А Диана схватила с полки Джойса и швырнула в фитиля. Книга расплескалась мокрым пятном на заскорузлом лице, фитиль взвизгнул и от него, как сырой песок, как мокрый пепел стала осыпаться плоть. Диана восторженно завопила и в нападавших полетели книги. Фитили бросили Виктора и, толкаясь в дверях, шипя и теряя куски тела, выскочили в коридор. Банев захлопнул дверь. Пахло пожаром, паркет покрылся влажной грязью.
В номер ввалился Тэдди. Он был вооружён сифоном с содовой.
– Раньше они не нападали, опасались. Видать всё теперь, – сказал Тэдди.
– А вот теперь уезжай, Тэдди, – сказал Банев. – Я надеялся, что обойдётся, но теперь они не остановятся.
– Поглядим ещё, кто кого.
– Тэдди, они сбросят бомбу, – сказала Диана.

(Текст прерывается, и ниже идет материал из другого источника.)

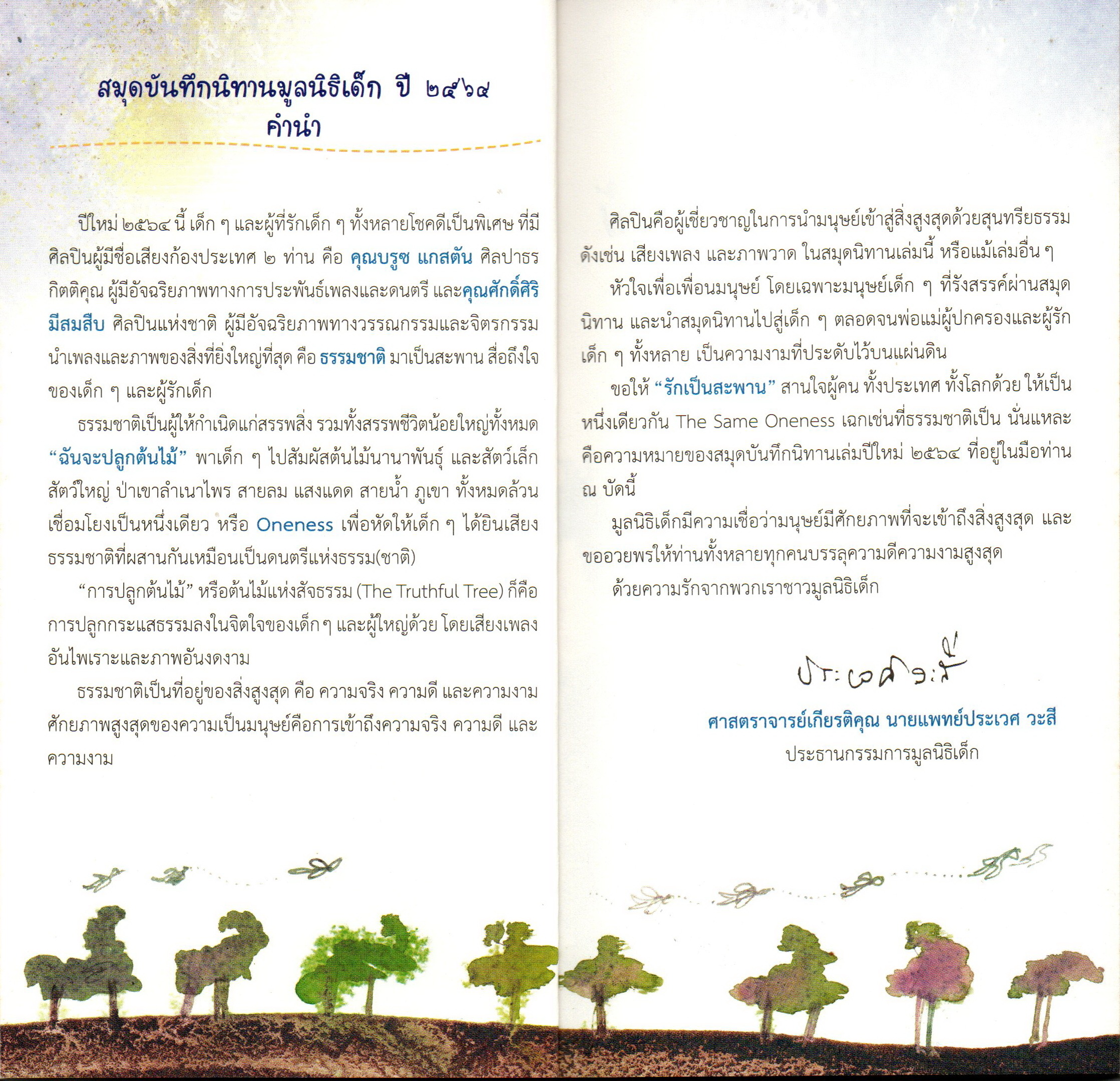 เอกสารคำนำ สมุดบันทึกนิทานมูลนิธิเด็ก 2564 กล่าวถึง ธรรมชาติเป็นผู้ให้กำเนิดแก่สรรพสิ่ง ธรรมชาติที่เป็นสิ่งสูงสุด คือ ความจริง ความดี และความงาม ศักยภาพสูงสุดของความเป็นมนุษย์ คือการเข้าถึงความจริง ความดี และความงาม และ มูลนิธิเด็ก มีความเชื่อว่ามนุษย์มีศักยภาพที่จะเข้าถึงสิ่งสูงสุด และขออวยพรให้ท่านทั้งหลายทุกคนบรรลุความดีความงามสูงสุด" ซึ่งเขียนโดย ศ.นพ.ประเวศ วะสี

– Вот значит как, – сказал Тэдди и поставил сифон на тумбочку. – Ну, ничего.
Он вышел.
– И ты уходи, – сказал Банев Диане.
– Вот ещё, – сказала Диана.
– Пошла вон. Шлюха.
– Дурак, – сказала Диана и вышла, хлопнув дверью.
***
Утром Банев прямо с кровати угодил ногой в таз с водой. Это он вчера принял меры безопасности. И забыл. Матерясь, Банев прошагал до окна, взял с подоконника графин и напился. Потом закурил. Щурясь, он взглянул на ослепительно голубое небо. Это будет быстро, сказал себе Банев. Наверное, я даже не успею увидеть вспышку. Но я не уйду. Даже если это бессмысленно, даже если Ирма забыла меня – я не уйду.
А потом он услышал шум, выглянул на улицу и увидел толпу. Люди шли к гостинице, окружали её живым щитом. В этой толпе было что-то неправильное. Толпа должна быть разношёрстной, несогласованной в своей монолитности, дискретной хотя бы по возрастному признаку. А здесь шли все примерно одних лет, пожилые. И с ними шла Диана. Диана Целенаправленная.
Так это же родители, сообразил, наконец, Банев. Они узнали и примчались. Тэдди. Он их предупредил, и они сорвались с насиженных мест, из семейных гнёздышек и тёплых постелек. Потому что взрослые никогда не бросают своих птенцов. Даже когда те выросли. Даже если они выросли не теми и не такими.
– Господин Банев! – к нему через толпу пробиралась рыхлая тётка с надутыми силиконом губами. – А весточку нам передать ребятишки не просили? Они же не просто так вас послали, они же что-то хотели нам сказать?
И Банев увидел сотни глаз, в которых были ожидание, боль и надежда. Значит опять врать, понял Банев.
– Они просили передать, – Банев прикрыл глаза, вспоминая основательно подзабытый текст. – Не убий и не лжесвидетельствуй. В поте лица добывай хлеб свой и возлюби ближнего как самого себя. И не завидуй и не жадничай.
А что он ещё мог им сказать?
Доброта спасёт мир
Когда субъект не справляется с притоком новых данных естественным путем концептивного аналогизирования, он становится жертвой перцептивного аналогизирования.
Роберт Шекли, «Обмен разумов»
– Эту разработку мы украли у русских, – доверительно сообщил начальник оперативного управления Роберт Фергюсон. – С некоторых пор они весьма продвинулись в области психотронных технологий. Как вы понимаете, Джеймс, мы не могли допустить отставания. Приняли меры. Яйцеголовые из технического отдела собрали и протестировали устройство. Теперь пришло время испытать опытный образец в полевых условиях. От вашего отчёта будет зависеть, поступит ли прототип в серию.
– Шеф, вы же знаете – я специалист по другим видам вооружений, – сказал Джеймс Ганлайкстер. – Огнестрельное, холодное. Тупые тяжёлые предметы. Кулаки.
– Вы прекрасный работник, Джеймс, и скоро, это ни для кого не секрет, станете начальником отдела боевой подготовки, – сказал Фергюсон. – Но надо идти в ногу со временем. Старые методы устарели, будущее за высокими технологиями. Вот эта коробочка может в корне изменить наше представление о боевых столкновениях, заставит вырабатывать новую тактику и стратегию вооружённых конфликтов.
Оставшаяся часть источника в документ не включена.